Sqrt(x)

Difficulty: Easy Source: NeetCode

Problem

Given a non-negative integer x, return the square root of x rounded down to the nearest integer. The returned integer should be non-negative as well.

You must not use any built-in exponent function or operator, such as pow(x, 0.5) or x ** 0.5.

Example 1: Input: x = 4 Output: 2

Example 2: Input: x = 8 Output: 2 Explanation: The square root of 8 is 2.828…, and since we round down, 2 is returned.

Constraints:

• 0 <= x <= 2^31 - 1

Prerequisites

Before attempting this problem, you should be comfortable with:

• Binary Search on the Answer — searching a range of candidate values rather than array indices
• Integer Arithmetic — comparing squares without using floating-point

1. Brute Force

Intuition

Start from 1 and walk upward, squaring each candidate. The moment m * m exceeds x, the previous candidate was the floor of the square root. This works, but the loop runs O(√x) times — slow for large inputs.

Algorithm

1. Handle x == 0 separately, returning 0.
2. For m from 1 upward:
   • If m * m > x, return m - 1.

Solution

def mySqrt_linear(x):
    if x == 0:
        return 0
    m = 1
    while m * m <= x:
        m += 1
    return m - 1


print(mySqrt_linear(4))   # 2
print(mySqrt_linear(8))   # 2
print(mySqrt_linear(0))   # 0

Complexity

• Time: O(√x)
• Space: O(1)

2. Binary Search

Intuition

The function f(m) = m * m is monotonically increasing, so we can binary-search the range [0, x] for the largest m where m * m <= x. Every time mid * mid <= x we record mid as a candidate answer and try going higher; otherwise we go lower. When the search ends, the last recorded candidate is the floor square root.

Algorithm

1. Set lo = 0, hi = x, ans = 0.
2. While lo <= hi:
   • Compute mid = lo + (hi - lo) // 2.
   • If mid * mid <= x: set ans = mid, then lo = mid + 1 (try larger).
   • Else: set hi = mid - 1 (too big, go smaller).
3. Return ans.

flowchart LR
    S(["x=8  lo=0  hi=8  ans=0"])
    S --> m0["mid=4  4*4=16 > 8  →  hi=3"]
    m0 --> m1["mid=1  1*1=1 ≤ 8  →  ans=1  lo=2"]
    m1 --> m2["mid=2  2*2=4 ≤ 8  →  ans=2  lo=3"]
    m2 --> m3["mid=3  3*3=9 > 8  →  hi=2"]
    m3 --> done["lo=3 > hi=2  →  return ans=2"]

Solution

def mySqrt(x):
    lo, hi, ans = 0, x, 0
    while lo <= hi:
        mid = lo + (hi - lo) // 2
        if mid * mid <= x:
            ans = mid
            lo = mid + 1
        else:
            hi = mid - 1
    return ans


print(mySqrt(4))   # 2
print(mySqrt(8))   # 2
print(mySqrt(0))   # 0

Complexity

• Time: O(log x)
• Space: O(1)

Common Pitfalls

Setting hi = x causes many unnecessary iterations for large x. A tighter upper bound is x // 2 + 1 (for x > 1), since √x <= x/2 for all x >= 4. Still O(log x) but with a smaller constant.

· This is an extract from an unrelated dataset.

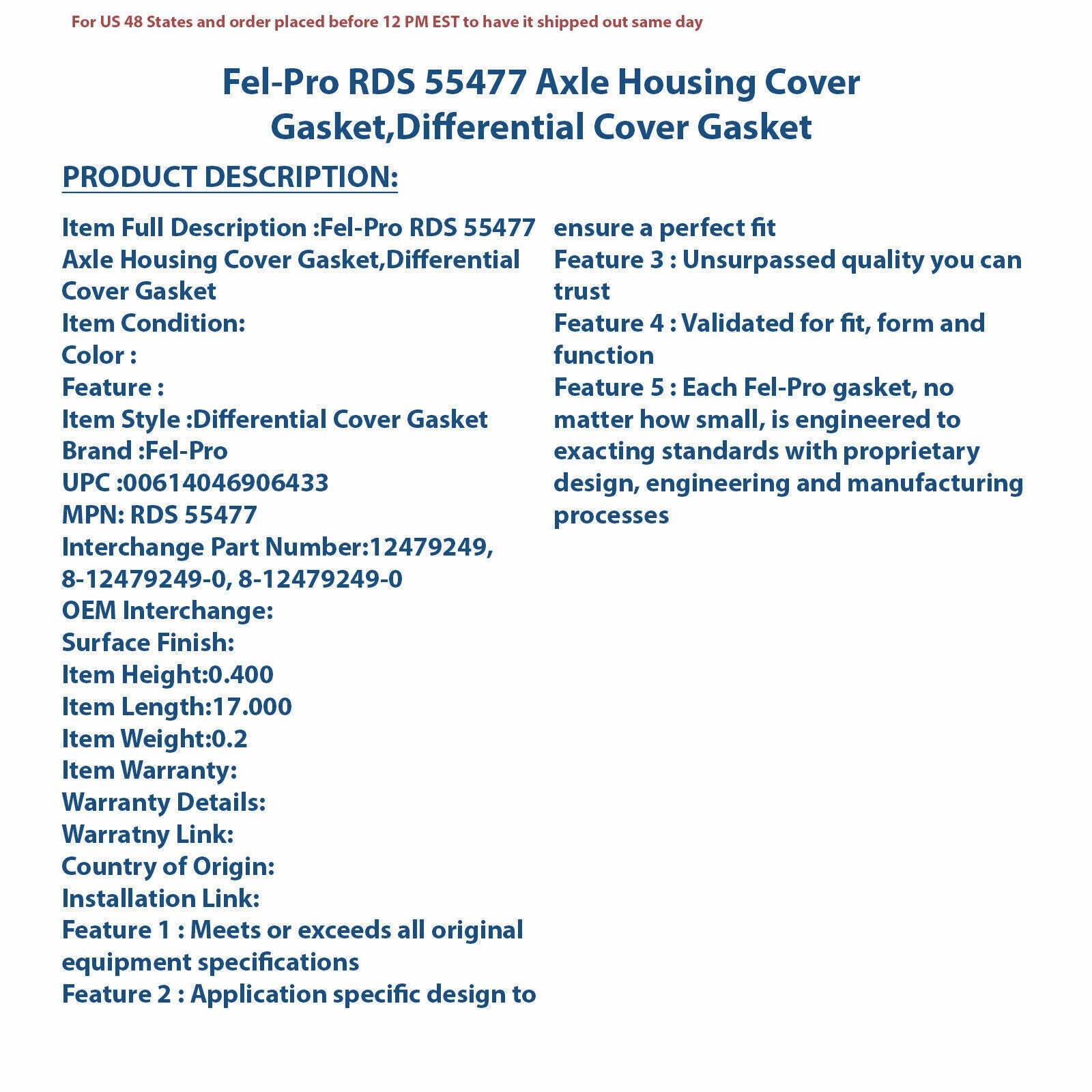 Fel-Pro RDS 55477 Axle Housing Cover Gasket,Differential Cover Gasket
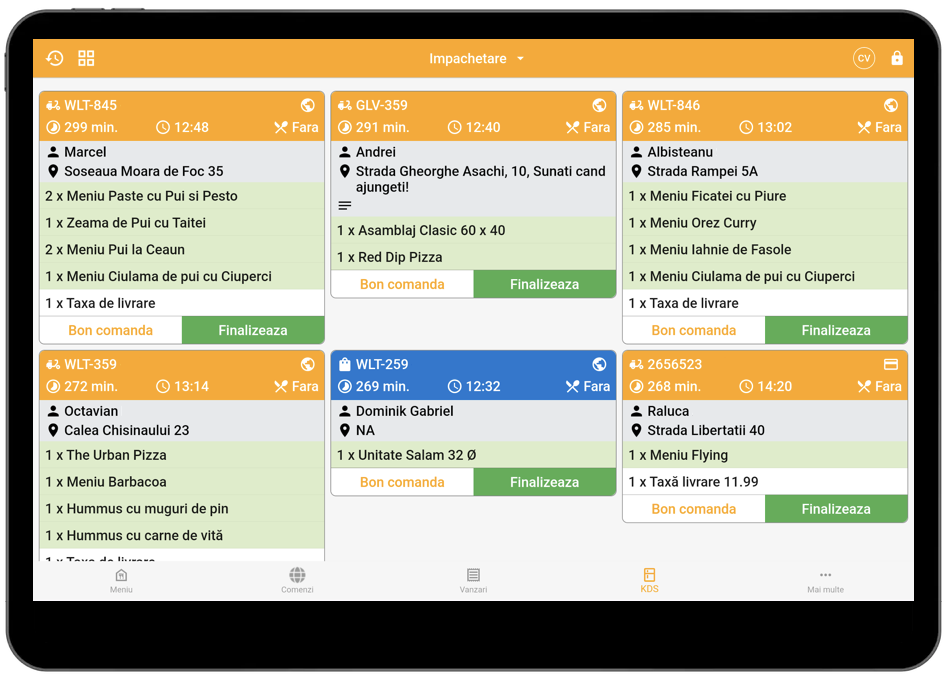 • Fiecare comanda are marcaj de timp, astfel incat personalul poate urmari durata de preparare si poate prioritiza comenzile.

Using floating-point arithmetic. mid ** 0.5 introduces rounding errors. Stick to integer multiplication mid * mid to keep everything exact.

Not handling x == 0 or x == 1. Both are valid inputs. With hi = x and the algorithm above they are handled correctly (the loop runs once), but always verify edge cases.